Son taux de reproductivité, le nombre de cas secondaires générés par un malade, est estimé entre 2 et 3, un chiffre supérieur au SRAS et a la grippe commune. Un patient asymptomatique semble capable de transmettre le virus. A ce jour, la transmission périnatale n’est pas confirmée après un suivi de 9 femmes enceintes.

Les études publiées de patients hospitalisés (donc déjà chez des patients très symptomatiques), suggèrent un âge médian de 50 ans, avec 25% d’aggravation nécessitant une réanimation, et 10% une ventilation assistée. D’autres études chez des adultes jeunes et les enfants suggèrent une plus grande bénignité. Les symptômes les plus courants sont une fièvre chez 83-98% des patients, une toux sèche chez 76-82%, une fatigue et des myalgies ou une fatigue chez 11-44%. D’autres symptômes ont été rapportés, des maux de tête, une gorge douloureuse, des douleurs abdominales et des diarrhées. Les test biologiques peuvent montrer une lymphopénie dans 70% des cas, un temps de prothrombine accru dans 58% des cas et une élévation des lactates deshydrogénases dans 40% des cas. Aucunes de ces anomalies n’est discriminante.  Les radiographies de poumons  ou le scanner montrent des infiltrats.

A l’heure actuelle, il apparaît que la grand majorité des patients ont une pathologie modérée. Il reste cependant nécessaire de mieux évaluer le spectre de la pathologie.

En effet le taux de mortalité reste très variable. Certain rapports précoces ont évoquéchez un taux de mortalité de 8 a 15% les personnes âgées infectées dans la province chinoise du Hubei. Le taux de mortalité est accru chez les patients présentant déjà d’autres pathologies associées et qui développent des symptômes pulmonaires sévères. En dehors de la région chinoise du Hubei ou le virus à débuté son histoire, le taux de mortalité ne semble pas plus élevé qu’un ou deux pour-cent.

Pour l’instant, encore très peu de tests ont été conduits car les recommandations étaient de réserver les tests aux personnes symptomatiques revenant de pays considérés comme ayant une épidémie, en particulier la Chine, ou ayant été en contact avec une personne infectée. Par exemple aux Etats-Unis, moins de 500 tests ont été réalisés. Le test utilise un prélèvement nasopharyngé ou idéalement un prélèvement pulmonaire, qui subiront une recherche par réaction en chaine par polymérase (PCR).

Le traitement est celui de toute infection pulmonaire virale avec des soins supportifs et si nécessaire une oxygénation. Les corticoides ne sont pas recommandés. Le remdesivir est utilisés dans des essais cliniques . L’association lopinavir/ritonavir, suite à des tests chez l’animal, est également en essai clinique. En Chine, la favilavir, un médicament de la grippe commune est approuvé pour des essais cliniques. Plus de 100 essais cliniques sont actuellement en cours. Par ailleurs plus de 11 candidats vaccins sont en développement, et le National Institute of Health Américain débutera un essai de phase 1 en mars 2020.
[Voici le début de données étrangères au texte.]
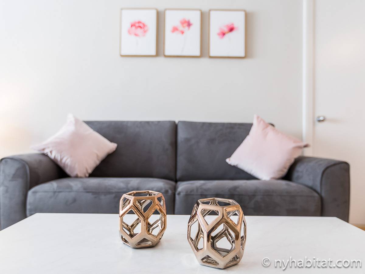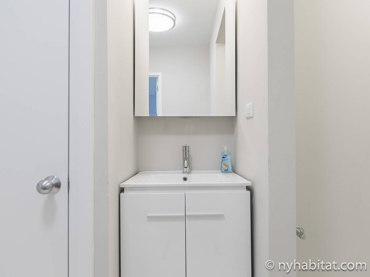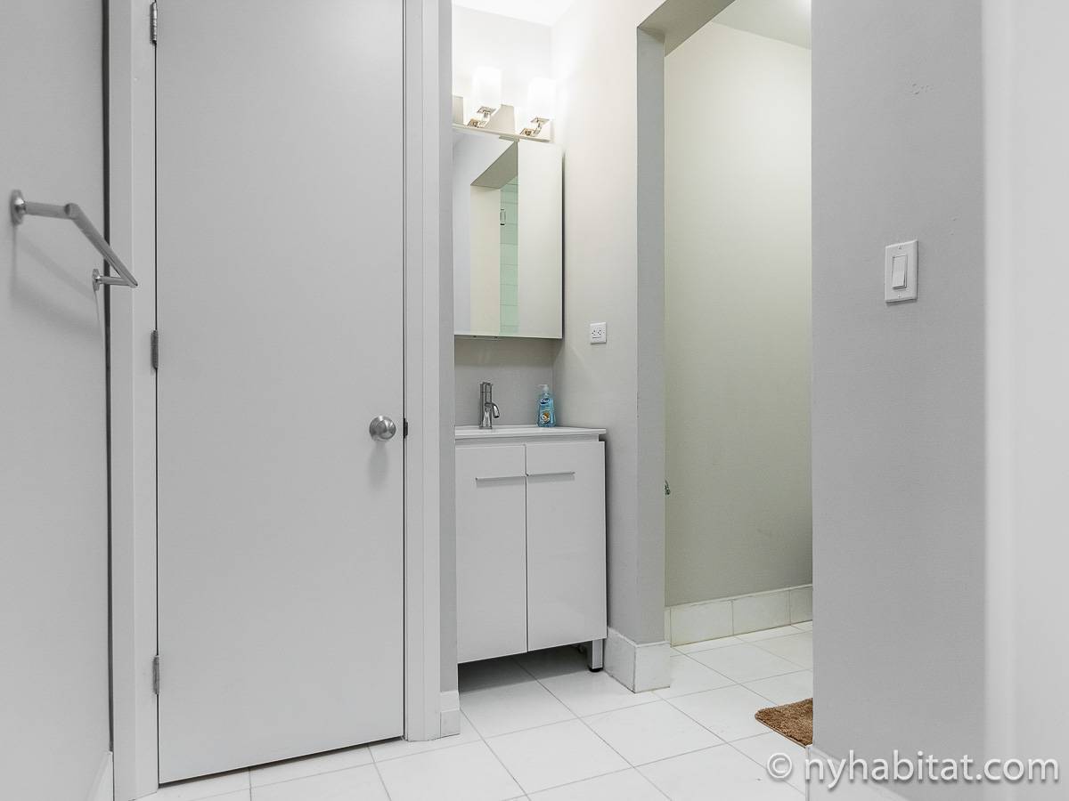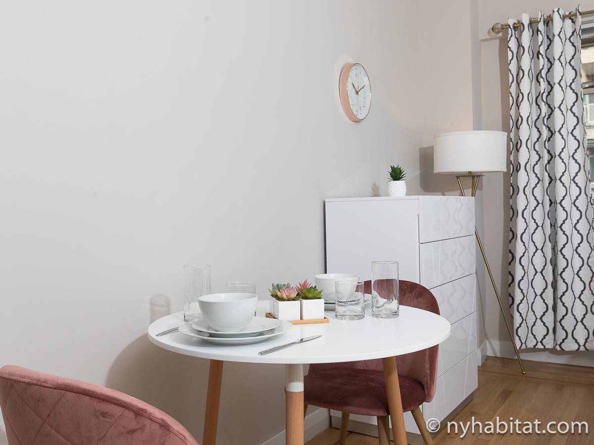 Questo stiloso monolocale dispone di tutto il necessario per aiutarvi durante il vostro trasferimento a New York City. Questo appartamento dispone di wi-fi e condizionatore. L’area soggiorno è arredata con tappeto, divano grigio scuro, tavolino e tv a schermo piatto a muro per una serata cinema in tutta comodità. Il tavolo da pranzo per due è l’ideale per gustare pasti fatti in casa. L’ampia cucina è dotata di credenza bianca, illuminazione a binario ed elettrodomestici in acciaio inox, inclusi fornelli e forno, microonde, caffettiera e frigorifero. Al capo opposto dell’appartamento, vicino alla finestra troverete un letto queen size pronto ad accogliervi dopo una lunga giornata, accompagnato da comodino e cassettiera. Il bagno bianco è dotato di una cabina doccia moderna.
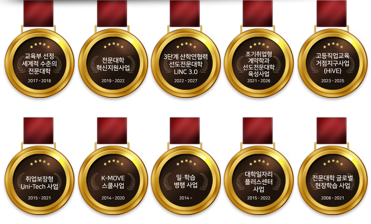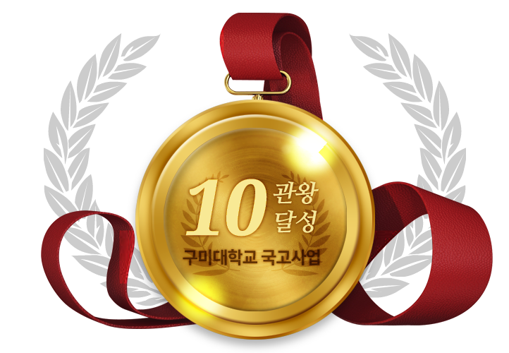 구미대학교는 올해까지 국고사업 10관왕을 달성하였습니다.구미대학교가 땀으로 이루어낸 성과들입니다.
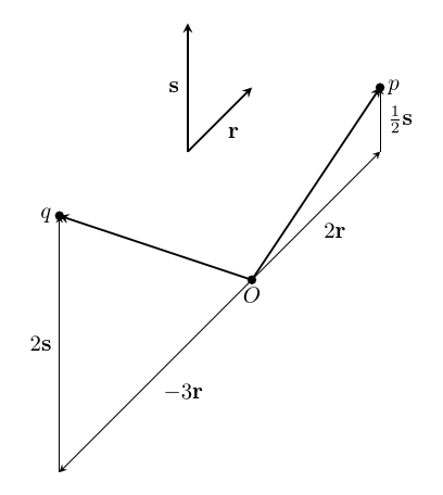In this example, , and . We call these the coordinates of the point. For short, we can write these just as and – but it's really important to make sure that we are clear on what basis is being used, and what the origin is. In the basis we used earlier, and with the same origin, our points will have different coordinates:
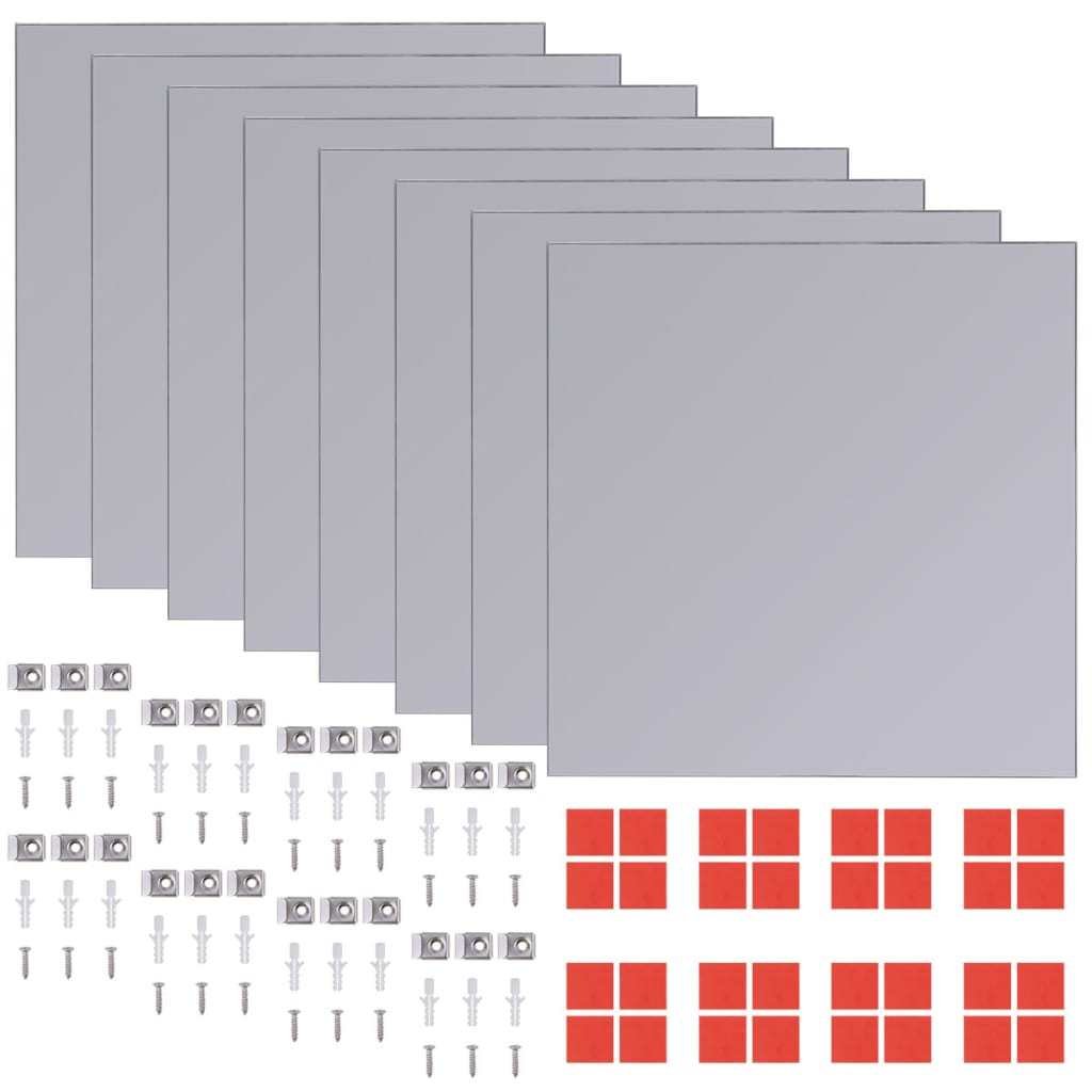 You can hang these mirror tiles directly on the wall with the included stainless steel hangers, or stick them to the wall by using the stickers. Delivery also includes mounting screws.Material: High-quality glassMirror size: 8.1" x 8.1" (L x W)Mirror thickness: 0.16"Frameless designDelivery includes:8 x Mirror tile24 x Screw24 x Stainless steel hanger32 x Sticker
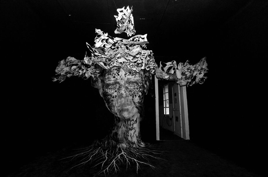 Pour cet événement, j'ai voulu exprimer la beauté des paysages qui entoure l'événement. Le papier découpé de façon organique fait écho à l'environnement, par nature fragile, il évoque également la vulnérabilité des eco-sytèmes face aux actions de l'homme sur la nature. Une volonté également de questionner le lien que nous entretenons avec lui et son importance pour rééquilibrer cet ensemble dont nous faisons partie.
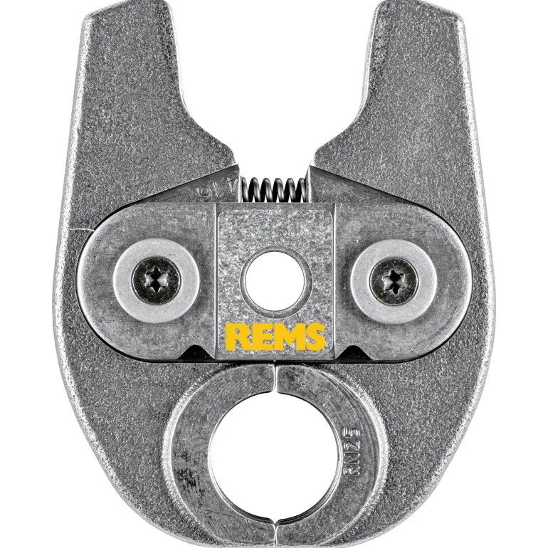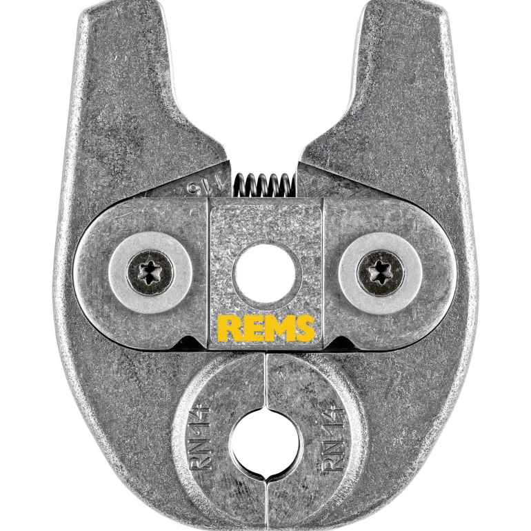 REMS 578434 Mini on kääntyvä yksilohkoinen puristusleuka, RN-kuvio, tyyppi RN 14 (PZ-2B). Puristusleuassa on erittäin kestävä, kompakti ja kevyt rakenne erikoissuunnitellun puristuspihtiliitännän ansiosta. Käytetään koneilla REMS Mini-Press ACC ja REMS Mini-Press 22 V ACC. Puristuskuviot ovat järjestelmäkohtaisia ja vastaavat kyseisen puristusmuhvijärjestelmän puristuskuvioita. Tämä takaa moitteettoman yhteensopivuuden järjestelmän kanssa ja varman puristuksen. Puristusleuassa on erittäin tarkka ja mekaanisesti tarkka CNC-koneistettu pyöristetty puristuskuvio. Tällä tavoin valmistustoleranssit ovat huomattavasti pienempiä kuin vain valamalla valmistetuissa puristusleuoissa.

Il est recommandé aux soignants de porter un ensemble de protections, des gants, des lunettes, un masque et un respirateur N95 (recommandation du CDC américain). S’il est également recommandé d’isoler les patients confirmés, le manque de pièces ventilées dans la plupart des hôpitaux rendent ces recommandations difficiles à respecter. A noter que le port du masque chez les personnes saines n’est absolument pas recommandé.

Les mises en quarantaines restent discutables en terme d’efficacité. S’il est actuellement commun de penser que les restrictions de déplacement imposées par le gouvernement Chinois ont pu ralentir la dissémination, celle du paquebot de croisière Diamond Princess, imposée par le gouvernement Japonais a conduit nombre de personnes vers une infection certaine. 

Sources 

COVID-19—New Insights on a Rapidly Changing Epidemic, Carlos del Rio, Preeti N. Malani, JAMA. Published online February 28, 2020.